The Academy of International Studies, formerly the Metropolitan Learning Center (MLC) is a magnet school that is based in Bloomfield, Connecticut. The school is part of the Capitol Region Education Council.

==History==
The school was founded in 1996. Educators from CREC and the original participating communities of Bloomfield, East Windsor, Hartford, Windsor and Windsor Locks planned this global studies school. In 1997, the Connecticut State Legislature approved the appropriation of $32 million for the construction of a grades 6–12 Metropolitan Learning Center, a School for Global and International Studies, which opened in September 1998 in the old Bloomfield Junior High School Building. Enfield later joined the program in 2000. In the fall of 2001, with grades 6–9, the school was moved to its new building at 1551 Blue Hills Avenue Bloomfield. It now serves nearly 700 students in grades 6–12 from Bloomfield, Hartford, Enfield, Windsor, East Windsor, and Windsor Locks. Public Act 07-3 allowed students in non-participating districts to apply for a seat in an inter-district magnet school if seats are available. With this legislative change, students in any town are allowed to apply to MLC and may be granted a seat.

==Facility==
The MLC building was completed in the fall of 2001, after two years of construction.

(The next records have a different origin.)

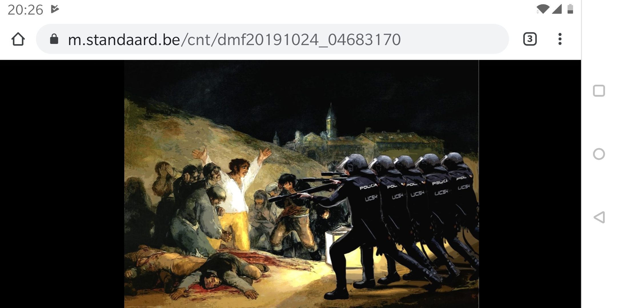 Het laatste voorbeeld: Tejero, veroordeeld kolonel-coup-pleger, werd zomaar door de flikken doorgelaten naar het herbegrafenisfeestje; terwijl de journalisten dit niet toegelaten werd. https://spanishrevolution.org/video-...lpista-tejero/ Nog iets? Een Amerikaan, gehuwd met een Spaanse en woonachtig nabij Barcelona sedert jaren, heeft met die vrouw kinderen die de Spaanse nationaliteit hebben, werd aangehouden tijdens een betoging met een estalada-vlag. De procedure om hem uit het land te zetten, is opgestart. (Vlaanderen en Walenland overdrijven met gezinshereniging; Spanje zal beletten dat een vader zijn eigen vrouw en kinderen niet meer kan zien.)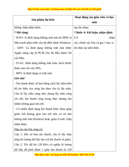 - Muốn chất lượng âm thanh tốt thì cần lấy mẫu lưu trữ âm thanh cùng với đặc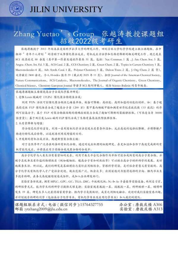 吉林大学化学学院张越涛教授课题组招收考研生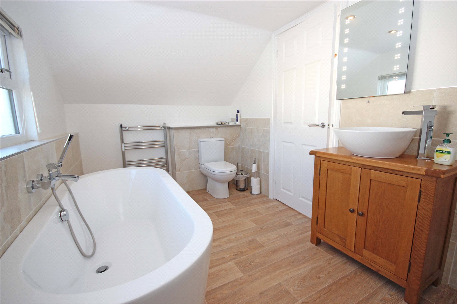 The main bathroom benefits from a P shaped bath with shower overhead and chrome mixer tap, bowl style hand basin with oak vanity unit below, toilet, obscured glass window and double fronted pull-out storage drawer. The downstairs bathrooms benefit from electric underfloor heating, extractor fans and shaving sockets.

Designed to feel like a corporate workplace, the main building is made up of two stories, each containing four grade-area pods. The library (MediaCenter) is centered on the first floor among the four pods, along with the main and guidance offices.

The art, television studio, and tech rooms are centered among the pods on the second floor. The secondary building is home to the cafeteria, gymnasium, exercise room, auditorium (Conference Area), and the music department.

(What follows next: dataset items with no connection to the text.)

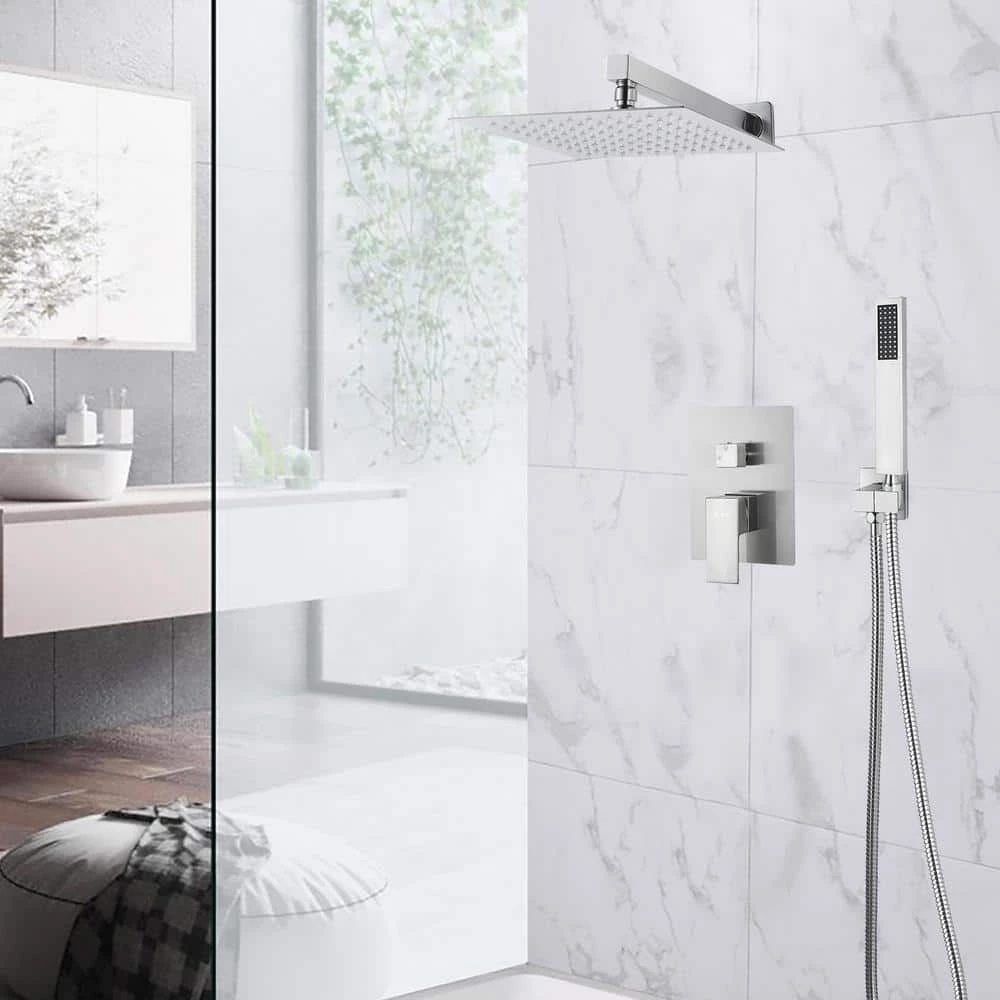 Shower Faucet with Valve and Shower Head Systems Wall Mounted Shower Combo Set for Bathroom. Integrated diverter makes it simple to switch between shower faucet and handheld shower. The in-wall hidden installation design gave an elegant appearance in any bathroom.
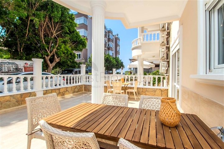 Предлагается ухоженная квартира 2+1, расположенная на первом этаже малoэтажного дома. Планировка удобная и функциональная: светлая гостиная с выходом на террасу, отдельная кухня с гранитной рабочей поверхностью, две спальни, санузел с душевой кабиной. Квартира полностью меблирована и укомплектована бытовой техникой, установлены кондиционеры, напольное покрытие — плитка, интерьер выполнен в спокойных светлых тонах.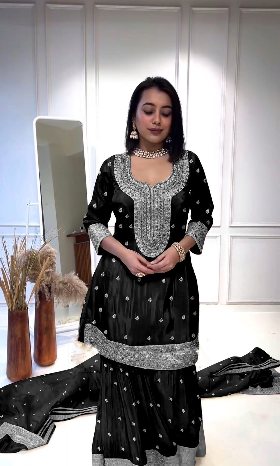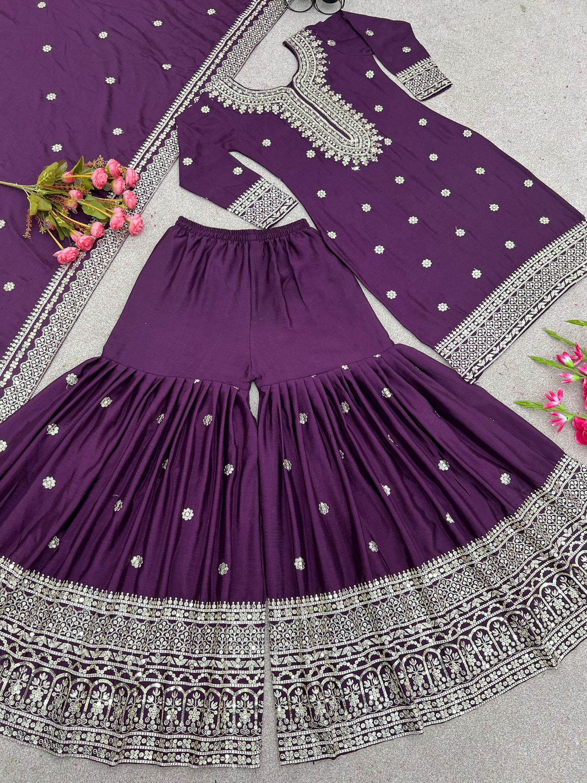 - Palazzo - Pure Heavy Chinnon Silk With 5mm Embroidery Sequence Work With Flair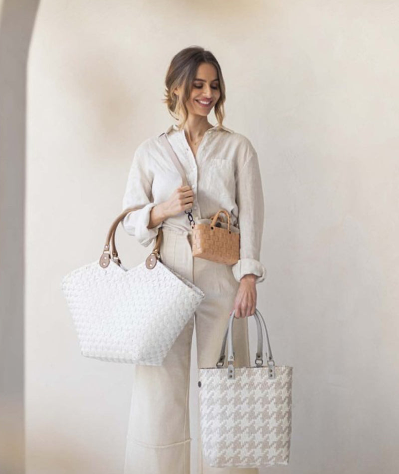 Handed By - Mayfair shopper är en trendig vävd väska. Perfekt att ha till stranden eller träningen. Läderhandtagen i PU gör att väskan kan bäras bekvämt och ger den ett lyxigt utseende. Handgjort med återvunnen plast.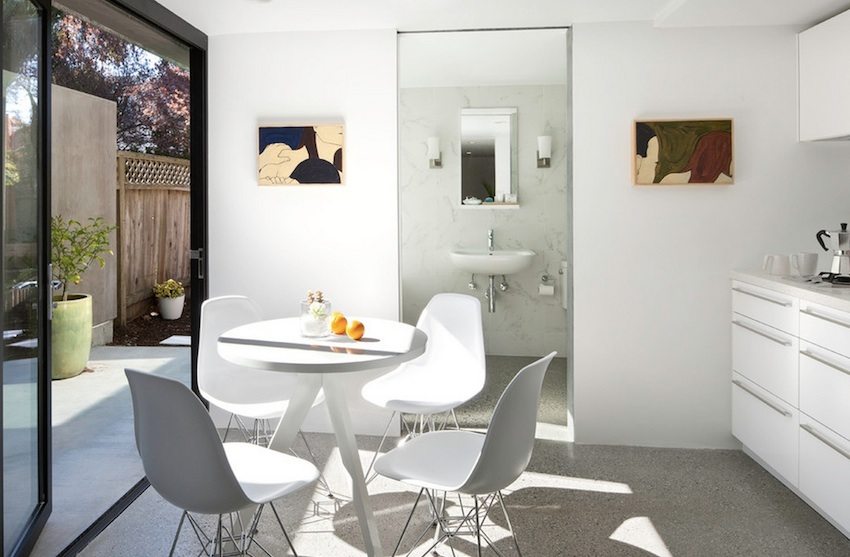 Oleh kerana ketahanan terhadap kelembapan, lantai meratakan diri dapat dipasang di bilik mandi dan dapur

All rooms have wireless internet connections to work with the students' laptops, and all classrooms have Smartboards that work with the teachers' desktop computers.

== Sports ==
The school had begun offering a small number of athletic programs in the year 2013 and has since expanded its offerings, now providing a variety of both middle and high school sports, coordinated by the Capital Region Education Council's Interscholastic Athletic Program.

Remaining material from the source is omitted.